[Stored data]
------------------------------------------------------------
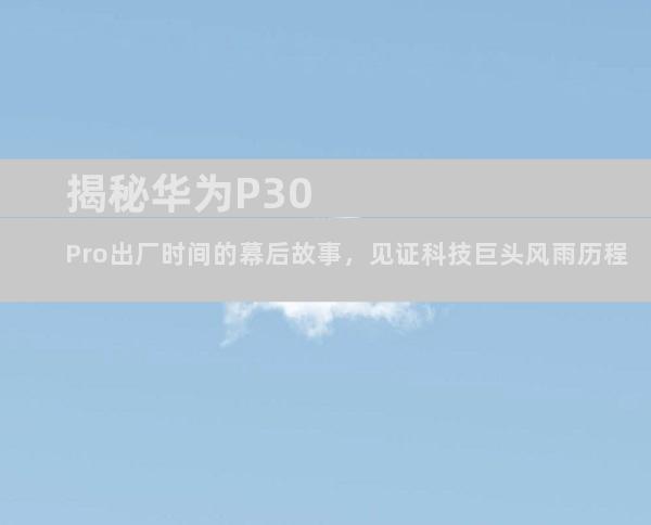 揭秘华为P30 Pro出厂时间的幕后故事,见证科技巨头风雨历程
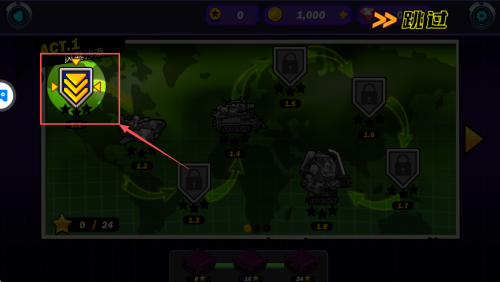 2、如何查看关卡进度?点击“0/24”可展开关卡列表,再次点“跳过”可直接进入已解锁关卡。
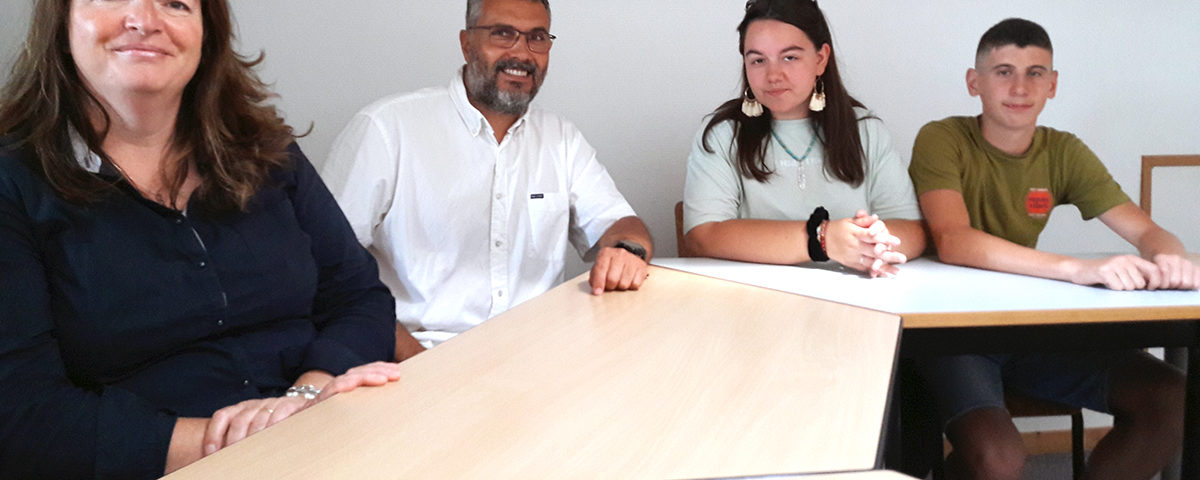 De gauche à droite : Yasminde Labrousse, Stéphane Mérillon, Jade et Théo.
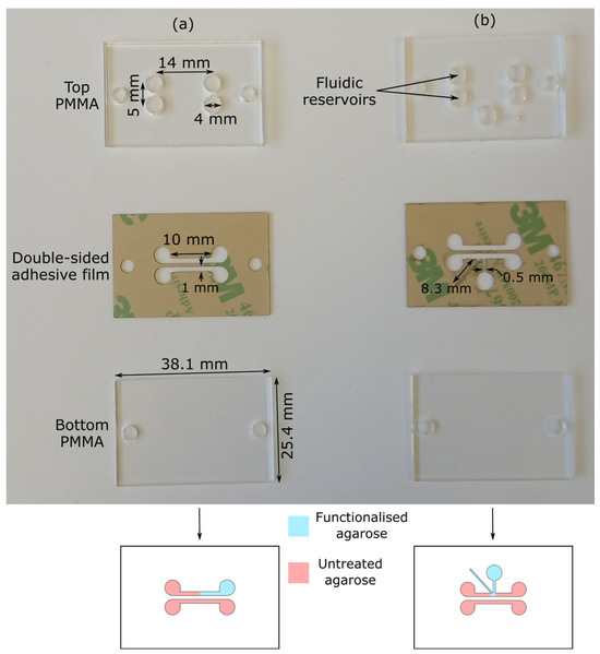 Images and detailed dimensions of the top PMMA, double-sided adhesive, and bottom PMMA used to make microfluidic devices to study (a) the electrokinetic transport and (b) electrokinetic transport-coupled biosensing.
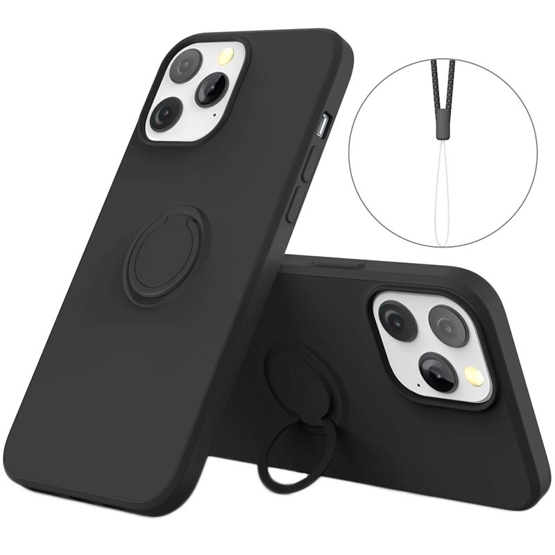 Kapalný silikonový pouzdro s držákem prstenu pro iPhone 13 Pro Max - s popruhem
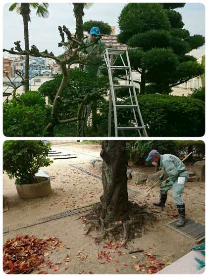 管理作業員さんが、築山のサルスベリの木の手入れをしてくれていました。カイガラムシがついてとても弱っているので、枝をカットしてくれました。元気に復活してほしいです。(^^;)
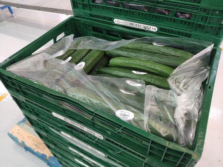 Au niveau de l'emballage, la demande de concombres nus, non recouverts de plastique, est en plein essor. Pour faciliter le transport, les caisses sont recouvertes d'un sac recyclé dès leur arrivée », explique JM López, qui explique en détail le processus :
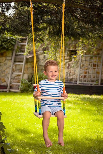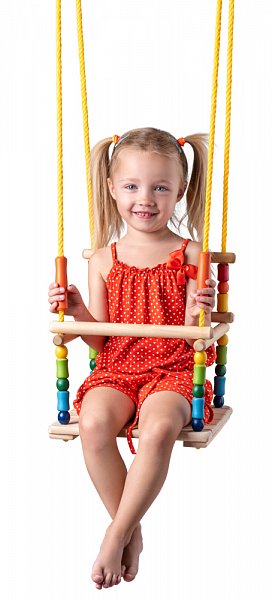 Houpačka pro nejmenší děti je vyrobena z masivního dřeva Je opatřena bezpečnostní ohrádkou Zvednutím přední tyčky ohrádky se dítě snadno dostane dovnitř i ven Houpačka má nastavitelnou délku lan
------------------------------------------------------------
* _Task requirements_
Omit the pictures. Repeat the rest of the data exactly.

* _Finished task_
 揭秘华为P30 Pro出厂时间的幕后故事,见证科技巨头风雨历程
 2、如何查看关卡进度?点击“0/24”可展开关卡列表,再次点“跳过”可直接进入已解锁关卡。
 De gauche à droite : Yasminde Labrousse, Stéphane Mérillon, Jade et Théo.
 Images and detailed dimensions of the top PMMA, double-sided adhesive, and bottom PMMA used to make microfluidic devices to study (a) the electrokinetic transport and (b) electrokinetic transport-coupled biosensing.
 Kapalný silikonový pouzdro s držákem prstenu pro iPhone 13 Pro Max - s popruhem
 管理作業員さんが、築山のサルスベリの木の手入れをしてくれていました。カイガラムシがついてとても弱っているので、枝をカットしてくれました。元気に復活してほしいです。(^^;)
 Au niveau de l'emballage, la demande de concombres nus, non recouverts de plastique, est en plein essor. Pour faciliter le transport, les caisses sont recouvertes d'un sac recyclé dès leur arrivée », explique JM López, qui explique en détail le processus :
 Houpačka pro nejmenší děti je vyrobena z masivního dřeva Je opatřena bezpečnostní ohrádkou Zvednutím přední tyčky ohrádky se dítě snadno dostane dovnitř i ven Houpačka má nastavitelnou délku lan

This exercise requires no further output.